Я ничего не ответил ему; сердце у меня сжалось, на глазах выступили слезы. Мне казалось, что я похоронил своего старшего брата, который был моей единственной опорой на чужбине… Я молча вышел…

На следующий, день Никитин осматривал школу берейторов, которая находилась при нашем полку. В школе готовились наездники, предназначавшиеся для того, чтобы об’езжать верховых лошадей для царя. В каждой воинской части на случай царского смотра стояли наготове в специальных конюшнях дорогие чистокровные кони разной масти, об’езженные, приученные к верховой езде.

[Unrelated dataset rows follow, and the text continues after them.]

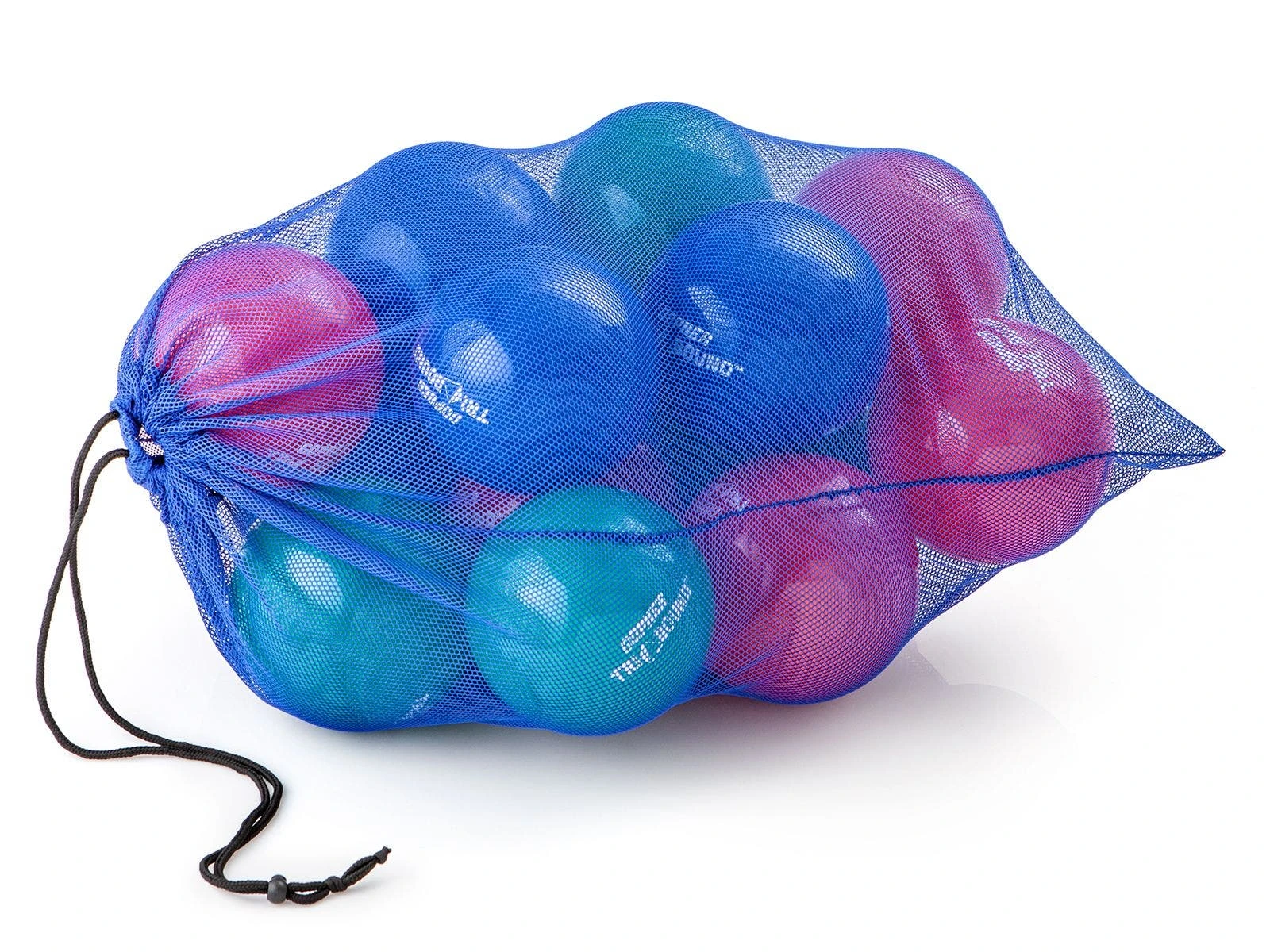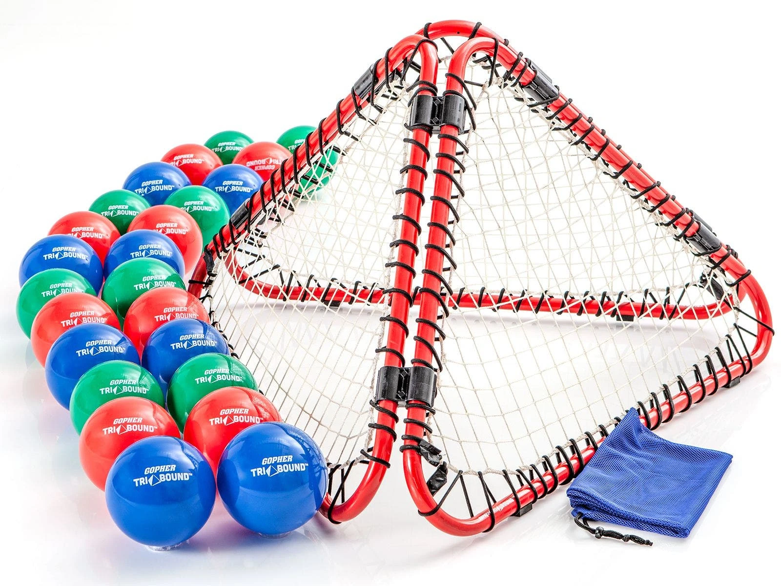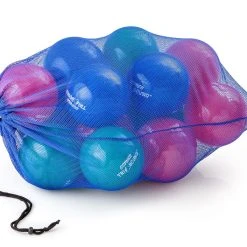 Set includes 1 rebounder, 24 balls (8 ea red, blue, green), a VersaBag mesh storage bag, and activity instructions. Rebounder is 45″L x 42″W x 30″H. Additional rebounder sold separately.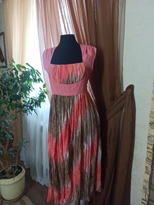 Платье женское миди индивидуального пошива. Идентической не найдете. Объем груди 88-90, завышенная линия талии. Лиф из льна, низ- полиэстер, эффект гофре с мягкими волнами.
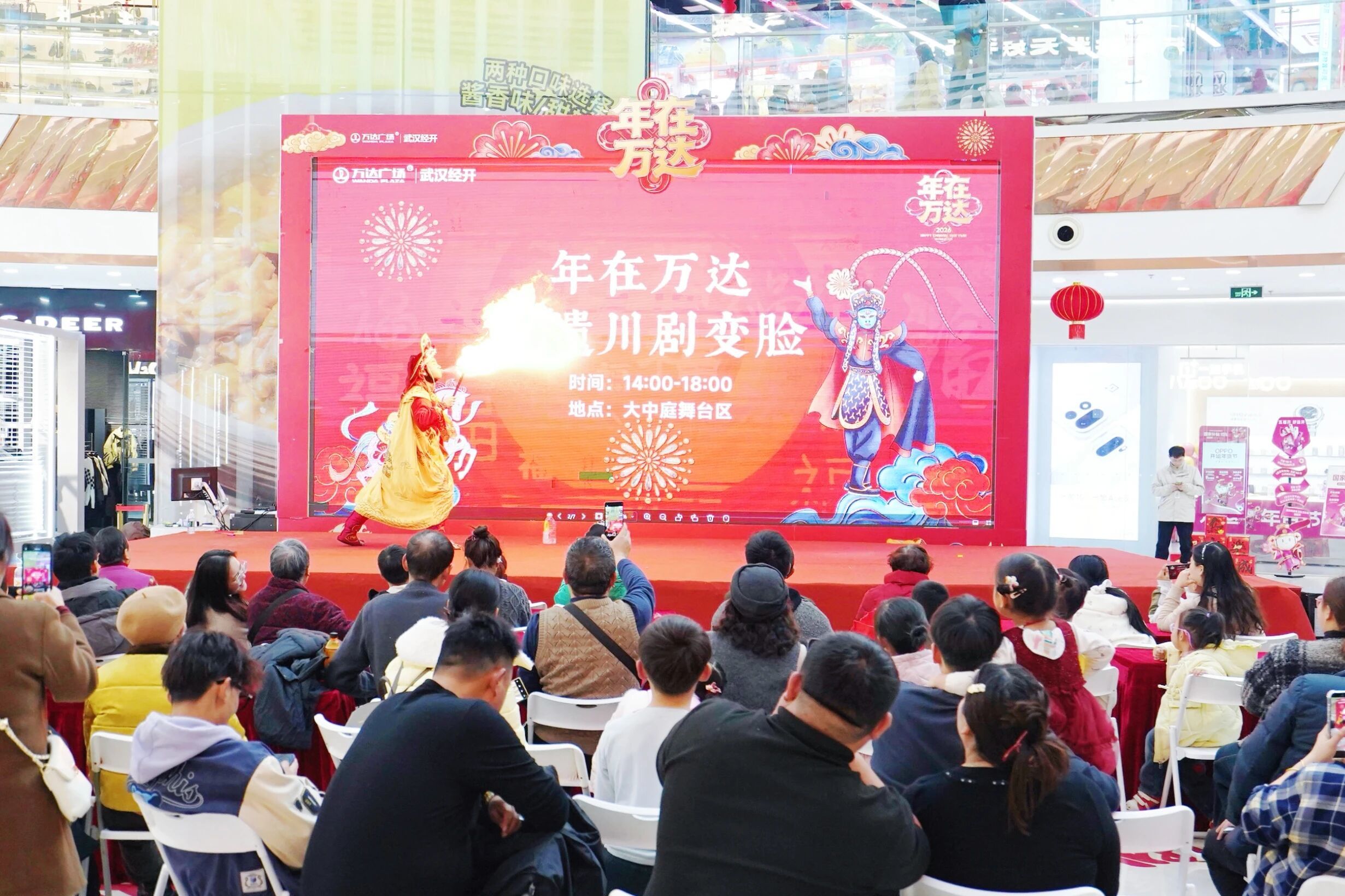 武汉经开万达广场的集装箱集市上,市民喂鸽子、买特色小吃、带着萌娃逛赛尔之城,其乐融融;金街上,小贩都已出摊,阵阵香气飘来,引得不少市民前往购买;中庭广场上,非遗川剧变脸刚刚演罢,就有工作人员招呼市民前来参与制作转花灯笼。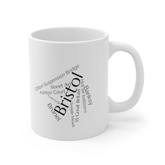 Bristol word mug, local mug, geography mug, gift, mug, coffee cup, word mug, wordcloud mug, christmas gift, birthday gift

Я с детства любил лошадей, любил ездить верхом. А тут, попав в кавалерию, я привык к лошадям, изучил все их повадки. Любая норовистая лошадь была мне нестрашна. Понятно, что я стал хорошим наездником. И меня зачислили в берейторы. Курс в школе этой был 6-месячный. Мне осталось пробыть еще 1 месяц; после этого меня должны были отправить в Петербург в царский дворец, чтобы об’езжать там лошадей для царя.

Мы стояли на плацу конным строем. Выдался ясный майский день. Никитин на белом рослом тучном мерине в белой уздечке, плавно, медленной рысью, грузно покачиваясь в мягком седле, под’ехал к нам; задавал вопросы: то одному, то другому, точно невзначай поглядывая на посадку ездока. Потом проверил некоторые приемы учения.

Я сидел на молодой гнедой кобылке. Красивая была, шельма; чистокровной арабской породы, со стройными ногами, трепещущими тонкими ноздрями; лукавые кофейно-масляные глаза ее то и дело косились туда и сюда. На бег была быстра и легка, ход у ней был плавный. Один недостаток был у ней; нервозность. Малейший шум, звук возбуждал ее. В строю была нетерпелива, не могла устоять спокойно, дожидаясь команды. Много усилий мне приходилось употреблять, чтобы удержать ее на месте от одной команды до другой. Часто бывало, никак не слажу с ней, и мне за это попадало от эскадронного командира. Не один раз я из-за нее был в карцере. А раз даже схватил 10 розог. В этот раз она словно нарочно нервничала, точно на зло Никитину, точно граф ее раздражал: топорщится и топорщится, чорт бы ее драл. Ни одной минуты не стоит спокойно, точно графский взгляд ее колет. Вижу, Никитин косится на меня недовольно: что, мол, за берейтор, не может заставить коня спокойно стоять в такой важный момент. Я пришел в раздражение: «Стой же ты, подлюга», рассердился я на нее и хватил ее остро отточенными шпорами и мундштуком. Она очень боялась шпор; укол же мундштука в небо привел ее в бешенство: она захрапела, поднялась на дыбы, подпрыгнула на задних ногах, веером распустив подстриженный пушистый хвост, и, сделав полукруг в воздухе, бросилась опрометью вперед, чуть не свалив с ног Никитина и полкового, и понеслась. Мне стало страшно. Я растерялся. «Ну, — думаю, — капут мне!»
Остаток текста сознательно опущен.